**Assigned task:**
Go to the line holding "Fabricada con cable" in the data below and repeat it exactly, then each line after it up to and including the one holding "ここでは、ロボコンエビ(あな". Omit pictures.

**Available records:**
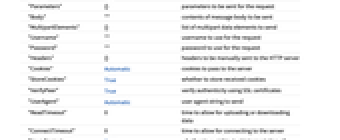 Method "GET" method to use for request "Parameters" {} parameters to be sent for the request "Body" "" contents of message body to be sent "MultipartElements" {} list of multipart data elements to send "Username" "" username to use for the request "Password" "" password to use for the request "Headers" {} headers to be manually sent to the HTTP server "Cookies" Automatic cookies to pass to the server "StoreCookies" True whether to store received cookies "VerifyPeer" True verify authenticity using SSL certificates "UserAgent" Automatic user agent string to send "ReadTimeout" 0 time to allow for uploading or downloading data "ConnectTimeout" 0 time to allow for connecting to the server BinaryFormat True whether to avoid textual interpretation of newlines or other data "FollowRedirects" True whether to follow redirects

* * *

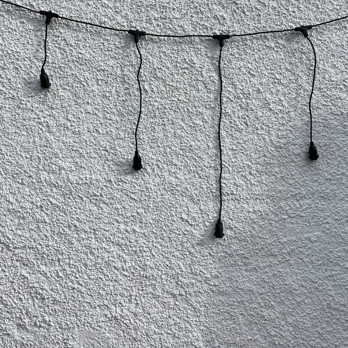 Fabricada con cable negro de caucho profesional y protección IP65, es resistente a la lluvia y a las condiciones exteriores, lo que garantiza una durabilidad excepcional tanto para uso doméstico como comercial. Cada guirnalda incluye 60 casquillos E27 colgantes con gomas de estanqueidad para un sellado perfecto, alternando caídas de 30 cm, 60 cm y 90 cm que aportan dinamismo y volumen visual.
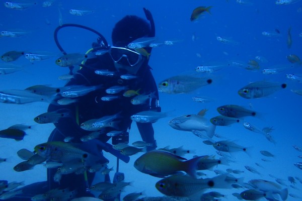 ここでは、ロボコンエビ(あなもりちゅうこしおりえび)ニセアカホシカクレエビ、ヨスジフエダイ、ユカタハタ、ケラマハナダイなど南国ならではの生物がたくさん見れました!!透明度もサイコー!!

**Result:**
 Fabricada con cable negro de caucho profesional y protección IP65, es resistente a la lluvia y a las condiciones exteriores, lo que garantiza una durabilidad excepcional tanto para uso doméstico como comercial. Cada guirnalda incluye 60 casquillos E27 colgantes con gomas de estanqueidad para un sellado perfecto, alternando caídas de 30 cm, 60 cm y 90 cm que aportan dinamismo y volumen visual.
 ここでは、ロボコンエビ(あなもりちゅうこしおりえび)ニセアカホシカクレエビ、ヨスジフエダイ、ユカタハタ、ケラマハナダイなど南国ならではの生物がたくさん見れました!!透明度もサイコー!!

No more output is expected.